= Aporia =

State of puzzlement or expression of doubt, in philosophy and rhetoric

In philosophy, an aporia (ᾰ̓πορῐ́ᾱ) is a conundrum or state of puzzlement. In rhetoric, it is a declaration of doubt, made for rhetorical purpose and often feigned. The notion of an aporia is principally found in ancient Greek philosophy, but it also plays a role in modern post-structuralist philosophy, as in the writings of Jacques Derrida and Luce Irigaray, and it has also served as an instrument of investigation in analytic philosophy.

==Philosophy==
In philosophy, an aporia is a philosophical puzzle or a seemingly irresoluble impasse in an inquiry, often arising as a result of equally plausible yet inconsistent premises, i.e., a paradox. It can also denote the state of being perplexed, or at a loss, at such a puzzle or impasse.

===Ancient Greek philosophy===
Plato's early dialogues are often called his 'aporetic' (Greek: ἀπορητικός) dialogues, because they typically end in aporia. In such a dialogue, Socrates questions his interlocutor about the nature or definition of a concept, e.g., virtue or courage. Socrates then, through elenctic testing, shows his interlocutor that his answer is unsatisfactory. After a number of such failed attempts, the interlocutor admits he is in aporia about the examined concept, concluding that he does not know what it is. In Plato's Meno (84a-c), Socrates describes the purgative effect of reducing someone to aporia: it shows someone who merely thought he knew something that he does not in fact know it and instills in him a desire to investigate it.

In Aristotle's Metaphysics, aporia plays a role in his method of inquiry. In contrast to a rationalist inquiry that begins from a priori principles, or an empiricist inquiry that begins from a tabula rasa, he begins the Metaphysics by surveying the various aporiai that exist, drawing in particular on what puzzled his predecessors: "with a view to the science we are seeking [i.e., metaphysics], it is necessary that we should first review the things about which we need, from the outset, to be puzzled" (995a24). Book Beta of the Metaphysics is a list of the aporiai that preoccupy the rest of the work.

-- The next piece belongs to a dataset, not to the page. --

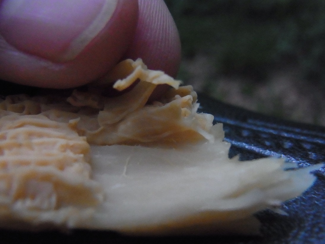 und zweitens: die pfifferlinge, ich war noch mal dort, und hab einen alten gefunden, auf dem bild sieht man, wie ich die "lamellen"??? ablöse...

In Pyrrhonism, aporia is intentionally induced as a means of producing ataraxia.

===Modern usage===
Contemporary academic studies of the term aporia further characterize its usage in philosophical discourses. In "Aporetics: Rational Deliberation in the Face of Inconsistency" (2009), Nicholas Rescher is concerned with the methods in which an aporia, or "apory", is intellectually processed and resolved. In his Preface, Rescher identifies the work as an attempt to "synthesize and systematize an aporetic procedure for dealing with information overload (of 'cognitive dissonance', as it is sometimes called)" (ix). The text is also useful in that it provides a more precise (although specialized) definition of the concept: "any cognitive situation in which the threat of inconsistency confronts us" (1). Rescher further introduces his specific study of the apory by qualifying the term as "a group of individually plausible but collectively incompatible theses", a designation he illustrates with the following syllogism or "cluster of contentions":

1. What the sight of our eyes tells us is to be believed.
2. Sight tells us the stick is bent.

3. What the touch of our hand tells us is to be believed.

4. Touch tells us the stick is straight. (2)

The aporia, or "apory" of this syllogism lies in the fact that, while each of these assertions is individually conceivable, together they are inconsistent or impossible (i.e. they constitute a paradox). Rescher's study is indicative of the continuing presence of scholarly examinations of the concept of aporia and, furthermore, of the continuing attempts of scholars to translate the word, to describe its modern meaning.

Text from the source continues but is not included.